Classiques.app

Honoré de Balzac

(1799–1850)

17 œuvres référencées

Né à Tours en 1799, monté à Paris pour y faire fortune, Balzac s'essaie à l'imprimerie et accumule des dettes qui le poursuivront toute sa vie. Forçat de l'écriture, quinze heures par jour dopé au café dans sa robe de chambre de moine, il produit en vingt ans plus de quatre-vingt-dix romans et nouvelles. Il épouse Ève Hanska en mars 1850, après dix-sept ans de correspondance amoureuse, et meurt cinq mois plus tard à Paris, épuisé.

Balzac est l'inventeur d'un monde total. Avec « La Comédie humaine », il forme le projet insensé de « faire concurrence à l'état civil » : près de deux mille cinq cents personnages, dont beaucoup, comme Rastignac, Vautrin ou Nucingen, reviennent de roman en roman, pour peindre la société française tout entière, de la pension bourgeoise au bagne, de la banque aux salons du faubourg Saint-Germain.

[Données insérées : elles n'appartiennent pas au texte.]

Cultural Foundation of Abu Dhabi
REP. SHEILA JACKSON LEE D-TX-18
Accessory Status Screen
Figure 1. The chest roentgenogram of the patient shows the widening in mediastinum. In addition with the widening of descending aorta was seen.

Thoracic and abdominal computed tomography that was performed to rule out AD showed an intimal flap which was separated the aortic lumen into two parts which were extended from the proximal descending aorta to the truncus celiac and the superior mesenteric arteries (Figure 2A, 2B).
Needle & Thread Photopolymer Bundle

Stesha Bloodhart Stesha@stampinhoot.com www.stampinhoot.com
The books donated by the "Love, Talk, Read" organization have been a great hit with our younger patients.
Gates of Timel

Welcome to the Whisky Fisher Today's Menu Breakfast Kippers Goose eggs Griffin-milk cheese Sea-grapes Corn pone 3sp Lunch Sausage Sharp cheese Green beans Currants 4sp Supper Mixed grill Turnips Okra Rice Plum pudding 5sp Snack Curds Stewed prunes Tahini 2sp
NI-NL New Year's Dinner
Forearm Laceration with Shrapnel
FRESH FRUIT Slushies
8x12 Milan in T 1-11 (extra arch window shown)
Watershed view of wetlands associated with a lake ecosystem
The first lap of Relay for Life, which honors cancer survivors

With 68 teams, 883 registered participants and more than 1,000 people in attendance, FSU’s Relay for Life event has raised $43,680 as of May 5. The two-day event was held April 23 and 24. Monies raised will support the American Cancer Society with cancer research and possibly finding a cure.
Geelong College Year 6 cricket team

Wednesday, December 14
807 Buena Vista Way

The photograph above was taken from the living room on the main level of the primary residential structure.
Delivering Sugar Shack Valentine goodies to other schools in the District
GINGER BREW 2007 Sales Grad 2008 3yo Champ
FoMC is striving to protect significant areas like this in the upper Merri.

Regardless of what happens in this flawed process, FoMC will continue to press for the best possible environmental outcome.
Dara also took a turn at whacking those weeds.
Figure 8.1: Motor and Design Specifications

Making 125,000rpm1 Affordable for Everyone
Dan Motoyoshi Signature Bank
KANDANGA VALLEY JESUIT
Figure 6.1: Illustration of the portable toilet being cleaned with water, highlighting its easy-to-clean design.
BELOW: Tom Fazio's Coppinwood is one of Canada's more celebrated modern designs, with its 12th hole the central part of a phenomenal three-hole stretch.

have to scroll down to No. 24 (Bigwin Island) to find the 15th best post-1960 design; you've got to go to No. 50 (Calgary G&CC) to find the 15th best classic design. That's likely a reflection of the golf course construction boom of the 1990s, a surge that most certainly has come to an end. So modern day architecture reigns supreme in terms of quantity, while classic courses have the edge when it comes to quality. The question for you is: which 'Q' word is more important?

Il est aussi le premier à faire de l'argent le grand moteur romanesque. Là où ses prédécesseurs racontaient des passions, Balzac raconte des dettes, des héritages, des spéculations, des ascensions et des faillites : il comprend avant tout le monde que dans la société née de la Révolution, c'est l'argent qui écrit les destins. Le réalisme moderne naît là. Sans lui, ni Flaubert, ni Zola, ni Proust.

Le lire aujourd'hui, c'est constater que rien n'a vieilli. L'arriviste qui monte à la capitale, le journalisme vénal, la bulle spéculative, le génie broyé par le besoin d'argent : tout y est déjà, disséqué avec une lucidité féroce et une énergie de conteur qui emporte le lecteur. Commencez par « Le Père Goriot », la porte d'entrée idéale, puis « Illusions perdues », son chef-d'œuvre.